Calculate the pH of a 0.21 M CoCl3 solution. The Ka value for Co(H2O)63+ is 1.0 10-5.
Co(H2O)6^+3 ==> [Co(H2O)5(OH^-)]^+2 + H^+
Write the Ka expression.
Substitute x for H^+ and the Co compound on the right and 0.21-x for the Co compound on the left. Solve for x which will be (H^+), then convert to pH.
To calculate the pH of a solution, we need to determine whether the solute is acidic or basic. In this case, we are given the Ka value for the complex ion Co(H2O)63+ which represents the equilibrium between the hydrated cation and its conjugate base.
The given Ka value is 1.0 x 10^-5, which means it is a weak acid. Therefore, the hydrated cation, Co(H2O)63+, will act as a weak acid in solution, and its conjugate base, Co(H2O)62+, will act as a weak base.

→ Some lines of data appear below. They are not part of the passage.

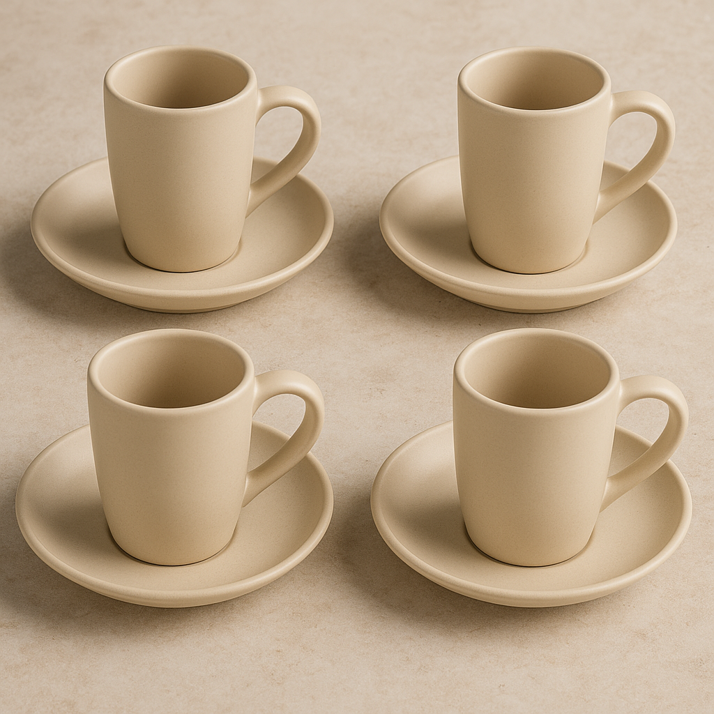 Jogo de xícaras de cerâmica Sarah bege 130 ml 08 peças
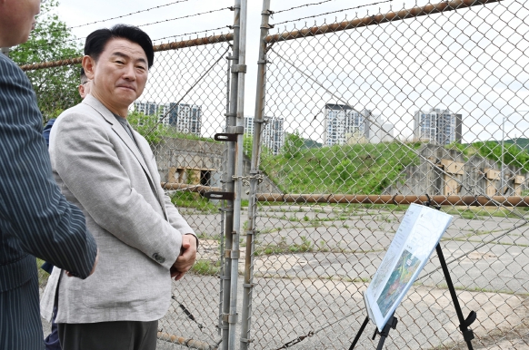 김동근 시장은 5월 7일 주한미군 관계자들과 고산동 소재 캠프 스탠리를 방문해 시설물을 둘러본 후 공여지 반환에 대해 심도있게 논의했다.
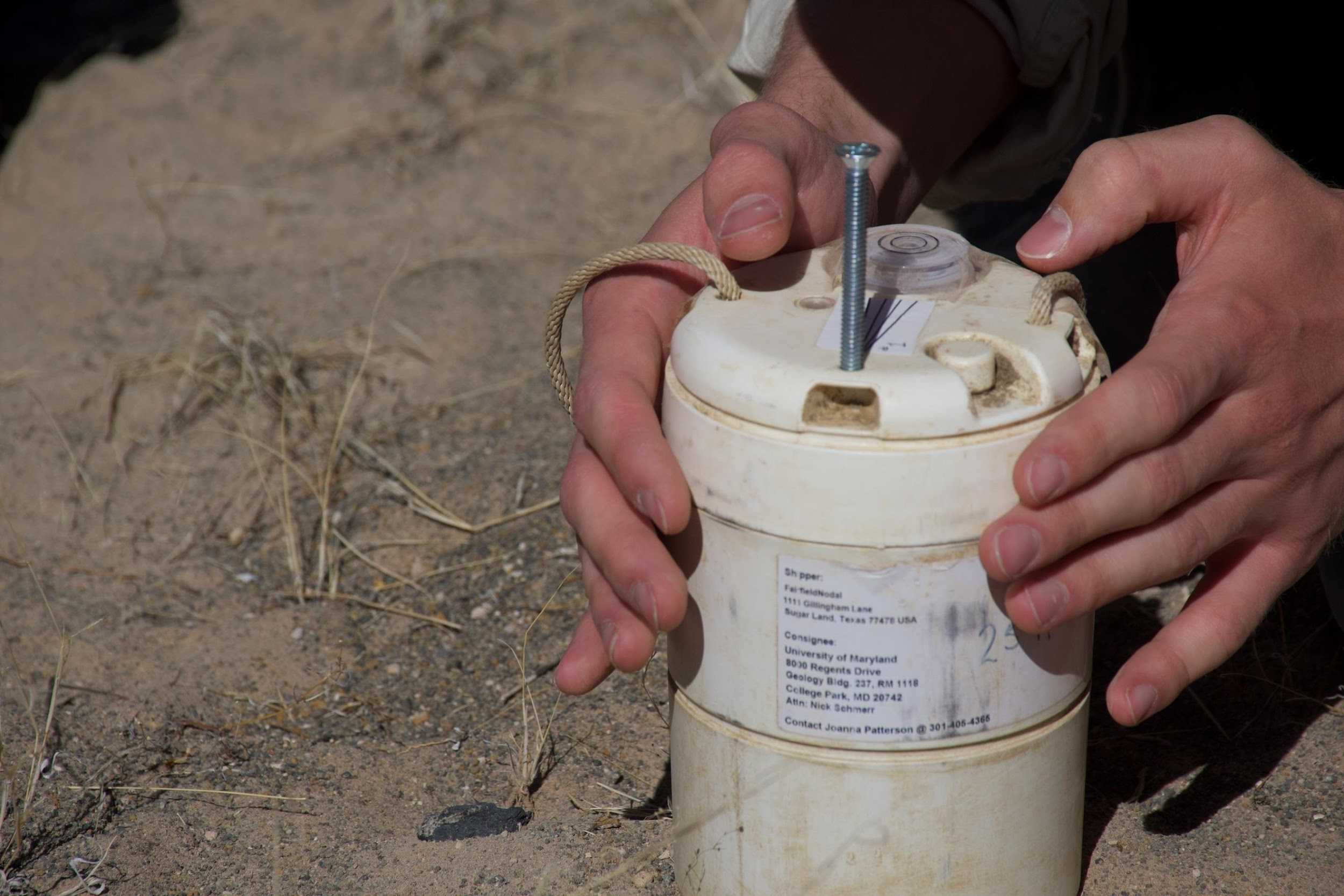The team trades off making strikes with the hammer, resulting in seismic data.
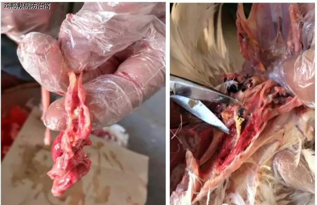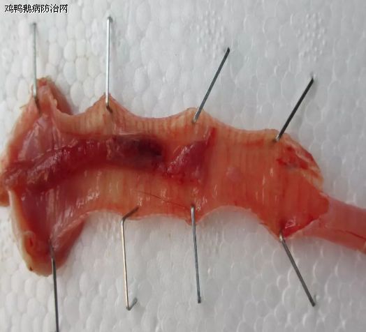 剖检发现:胸肌苍白而柔软;喉头到鸣管之间无变化,一级至二级气管出现黄白色栓塞,胸气囊、腹气囊比较清晰透明;腺胃乳头无出血变化,胃底腺有轻微出血(如下图所示)
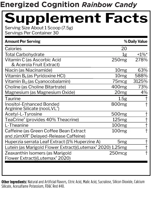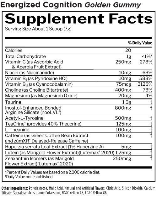 Fight off fatigue. Beat back the brain fog. Tackle your next task. With researched, licensed, and patented ingredients like nooLVL®, TeaCrine®, zumXR®, and Lutemax® as well as L-theanine, choline, tyrosine, and green coffee caffeine, Energized Cognition is designed to help keep you sharp, energized, and focused.^
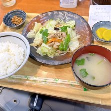 今日もお昼は万福。肉野菜炒め定食ご飯少なめ 野菜たくさん摂れて安心!
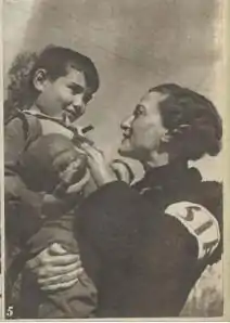 Most women on the front served in militias aligned with some political group.  A very small number served as members of the regular Republican army.  Members included Esperanza Rodríguez.[2] In the first few months of the war, the Fifth Regiment had the largest contingent of milicianas among all militias.[6] Most of the women serving in front line roles had their positions defined by the communist, anarchist or POUM leadership.  Most of these gave women equal roles when it came to combat, and providing the same military contribution.[2] In comparison to men, women on the front were often more expected to take care of injured comrades. This sometimes put them in more harms way, as some women militia members were shot while tending to injured comrades in battle. Women who had to deal with this situation included  Josefa Rionda. Captains might also divert women on the battlefield to hospitals, where they expected them to work alongside nurses.[2] In some cases, milicianas were told by column leaders that they were only allowed to remain on the front in support roles for men, by doing working as nurses or teaching largely illiterate militiamen to read. A number of these women left those columns, seeking other units where they could serve in combat.[6] Among the women serving in the international brigades, most worked as nurses, pharmacists or doctors.  Some Jewish, Polish and American women did go to Spain, and did serve in combat.  They were actively discouraged from doing so by anarchists, and outright banned from doing so by communists.[29]
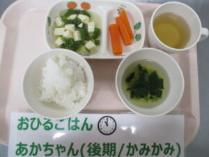 【後期食】五倍粥、豆腐とピーマンの煮物、人参スティック、チンゲン菜のスープ
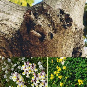 おはようございます😊 散歩路🚶♀️より お顔さて何に見えますか⁉️ 思わず笑ってしまいました😱😅かすかな香りが(左側ネメシア)と💛の花が春らしい🎶💕😍ですねぇ🍀
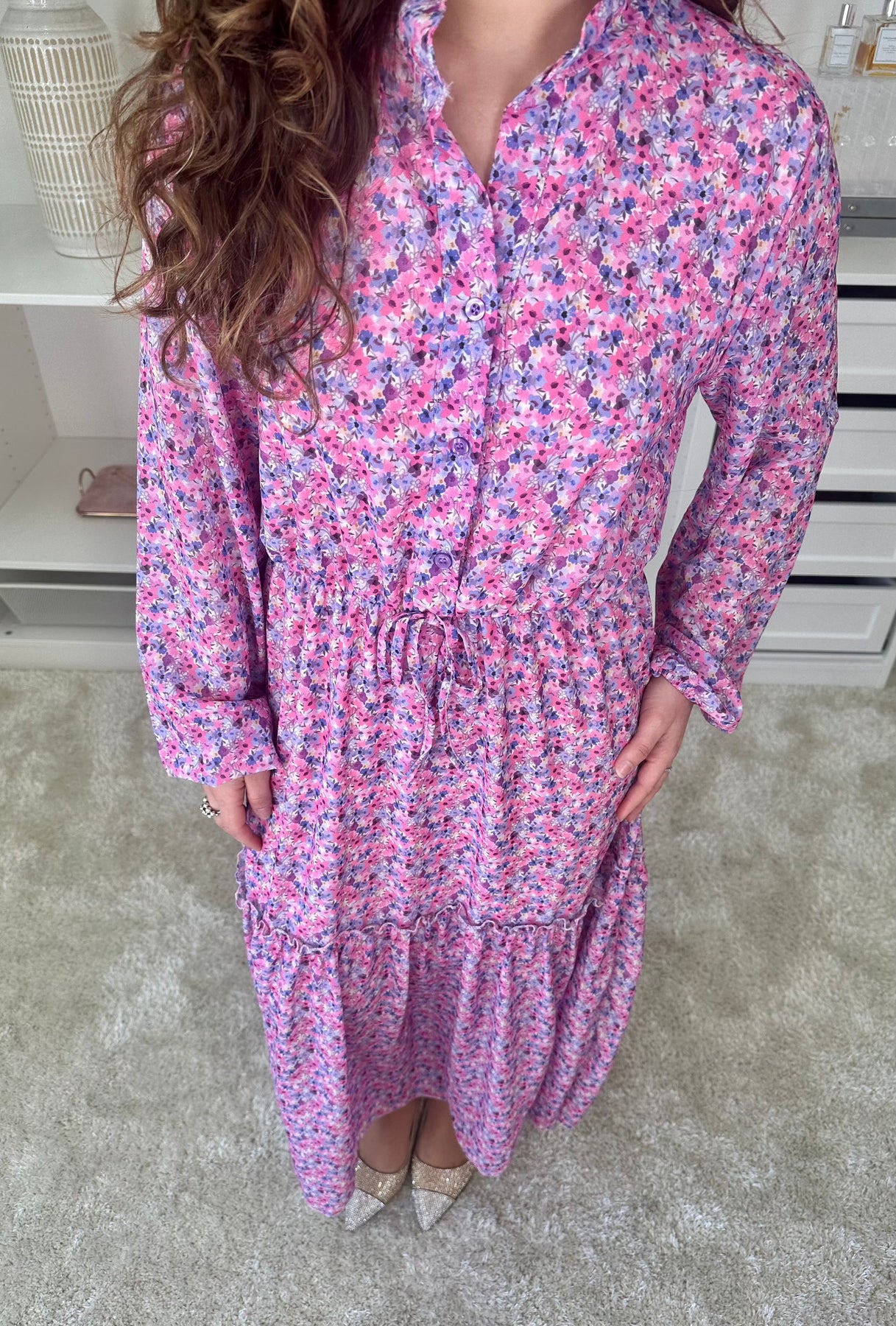 Langes Kleid von A-bee mit Blumenmuster in Pink- und Lilatönen. Das Kleid hat einen Hemdkragen, eine Knopfleiste vorne und lange Ärmel.
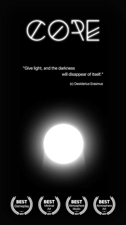 CORE - данная игра может показаться весьма простенькой и незаурядной, однако она выполнена в очень необычном и весьма сложном стиле. Задача будет весьма проста, нужно тапать по экрану что бы ваше ядро подпрыгивало вверх, поворачивать никуда не нужно, двигаться будет сам уровень, для вас главное огибать препятствия. В игре прекрасное звуковое сопровождение да и к тому же великолепная гармония света и тьмы.
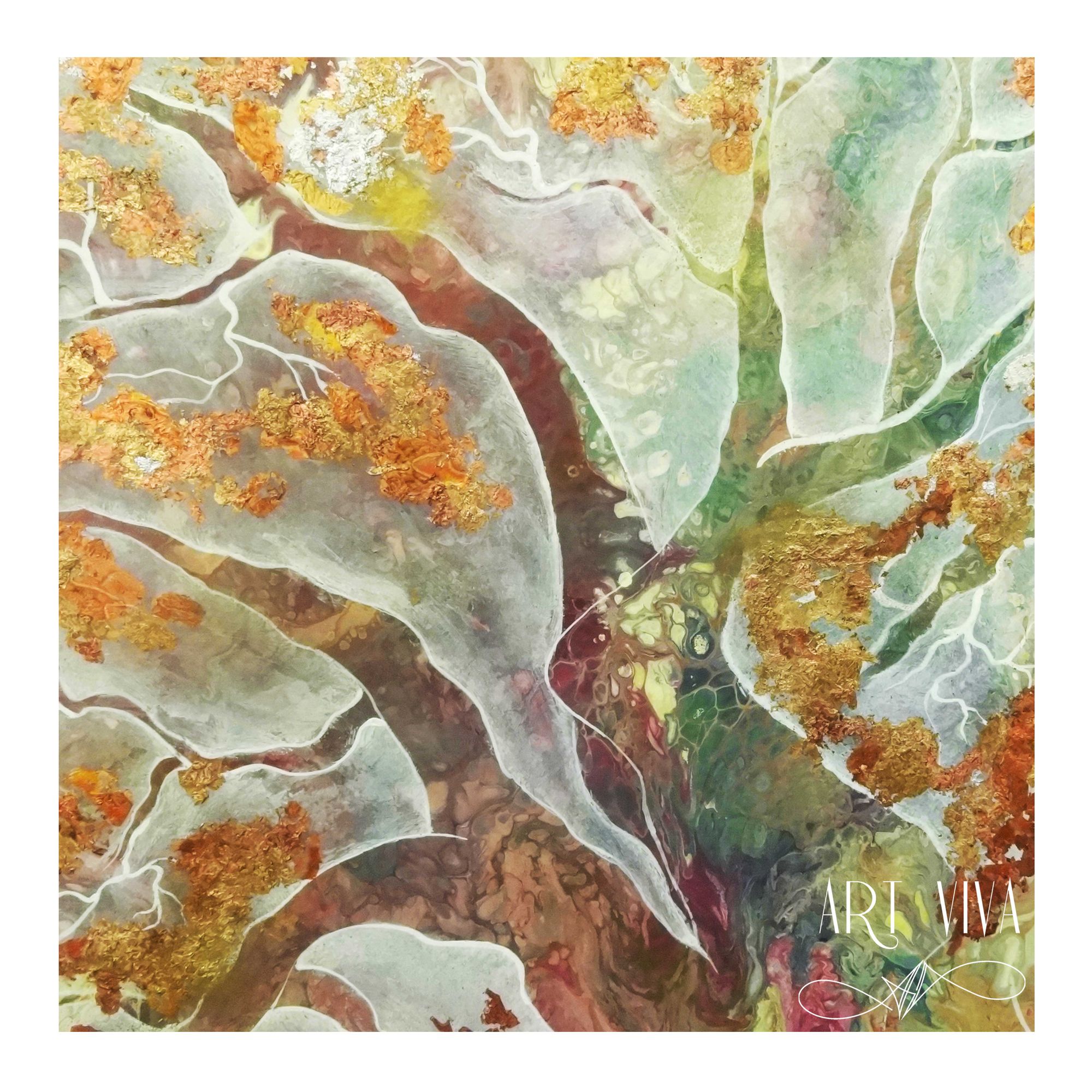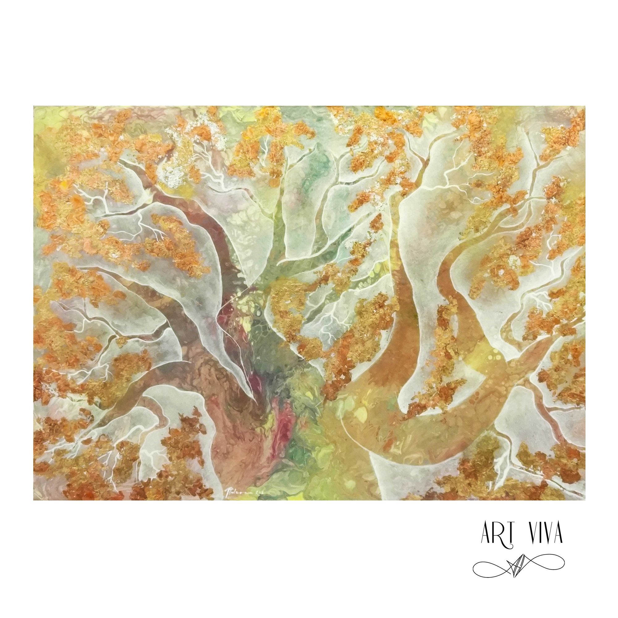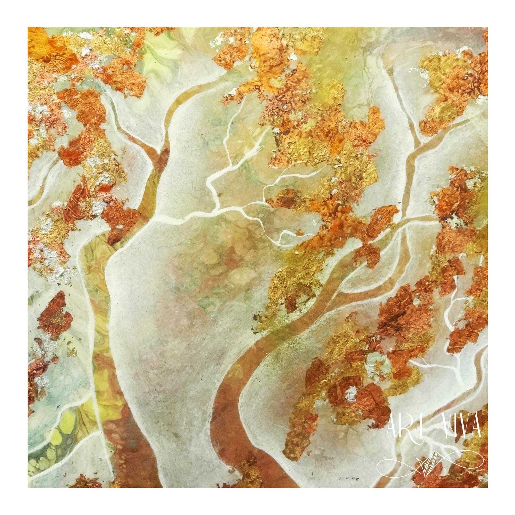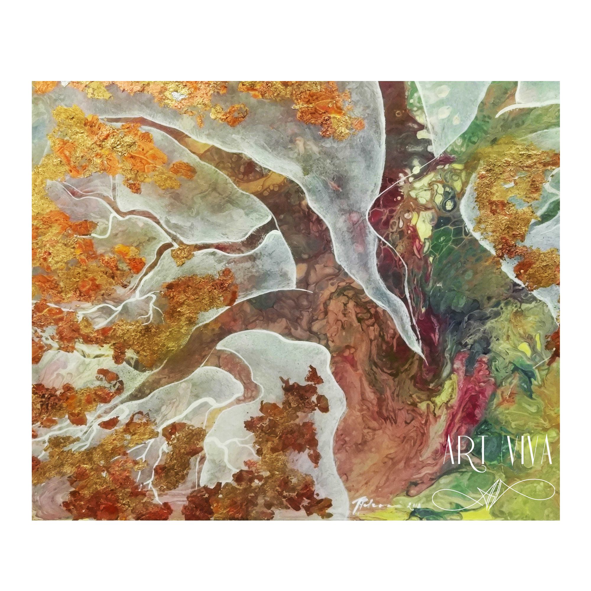 Zlatý strom života 2020 akryl na drevenom podklade 90x110 cm

To determine the pH, we need to calculate the concentration of H+ ions from the weak acid's dissociation. Since the expression for Ka is:
Ka = [H+][Co(H2O)62+]/[Co(H2O)63+]
We can assume that the Co(H2O)62+ concentration produced from the dissociation of Co(H2O)63+ is negligible compared to the initial concentration of Co(H2O)63+. This assumption allows us to simplify the equation to:
Ka = [H+]^2 / [Co(H2O)63+]
Rearranging the equation, we can isolate [H+]:
[H+]^2 = Ka * [Co(H2O)63+]
[H+] = sqrt(Ka * [Co(H2O)63+])
Now we can substitute the given values into the equation:
[H+] = sqrt((1.0 x 10^-5) * (0.21 M))
[H+] = 1.45 x 10^-3 M
Since the concentration of H+ ions will be the same as the concentration of OH- ions in a neutral solution, we can assume that [H+] = [OH-] in pure water. Therefore, the pH can be calculated using the equation:
pH = -log[H+]
pH = -log(1.45 x 10^-3)
pH = 2.84
So, the pH of a 0.21 M CoCl3 solution is approximately 2.84.